- Born: c. 1887 Zwimba Reserve, Southern Rhodesia
- Died: 1956 Southern Rhodesia
- Citizenship: Zimbabwean
- Occupations: Clergyman, nationalist, political leader
- Known for: Founding the African National Congress (Rhodesia), Bantu National Congress
- Spouse: Grace Mano
- Children: Stanlake Samkange

= Thompson Samkange =

Zimbabwean nationalist, clergy and political organizer

Thompson Douglas Samkange (c. 1887–1956) was a Zimbabwean nationalist, religious leader, and political organizer who played a significant role in the early African resistance to colonial rule in Southern Rhodesia (now Zimbabwe). He was a founding figure in several key African political movements, including the revival of the African National Congress in 1945, and is remembered for his contributions to indigenous leadership and education.

== Early life and education ==
Samkange was born around 1887 in the Zwimba Reserve, present-day Zvimba District, Zimbabwe. He belonged to the Ngonya clan, from which the chiefs of the Zwimba tribe were traditionally chosen.

His mother was a devout Methodist, and he was educated to Standard VII at Waddilove Institute, a prominent mission school. He later became an ordained minister in the Methodist Church, preaching across the country in places such as Wankie, Pakami, and Kwenda.

== Political activism ==
In 1945, Samkange revived the African National Congress (Rhodesia) in Southern Rhodesia and served as its president. He also helped establish the Bantu National Congress, aiming to unify African voices against colonial policies. His leadership extended to organizing the general strike of 1948, which marked a turning point in African labor resistance.

He was elected president of the African section of the Southern Rhodesian Missionary Conference but opposed its racial segregation, advocating for unity and equality within religious institutions.

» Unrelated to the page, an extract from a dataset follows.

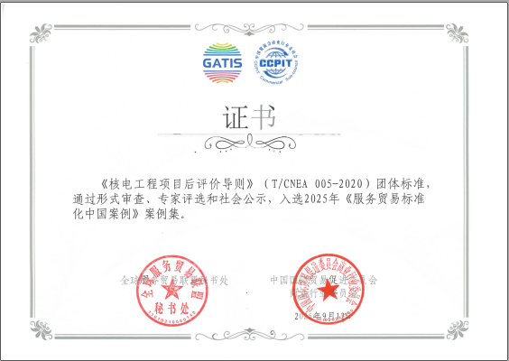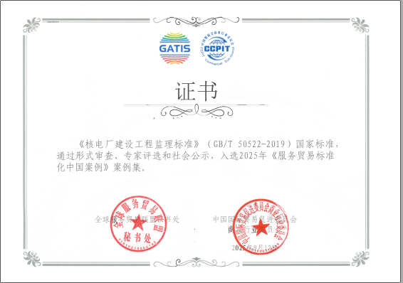全球服务贸易联盟秘书处联合中国贸促会商业行业委员会发布2025年《服务贸易标准化中国案例》,中核咨询主编的国家标准《核电厂建设工程监理标准》及团体标准《核电工程项目后评价导则》成功入选。作为核工业咨询服务领域唯一入选单位,充分展现了中核咨询在核工业服务贸易标准化体系建设中的行业引领地位与示范价值。

== Personal life and legacy ==
Thompson Samkange married Grace Mano around 1917, and they had several children. Among them was Stanlake J. W. T. Samkange, a prominent historian, novelist, and philosopher known for articulating the concept of Ubuntu in Zimbabwean political thought and educational system.

Samkange died in 1956. His legacy is preserved in scholarly works such as Terence Ranger’s Are We Not Also Men?: The Samkange Family and African Politics in Zimbabwe, 1920–64, which explores the family's role in shaping Zimbabwe’s intellectual and political landscape.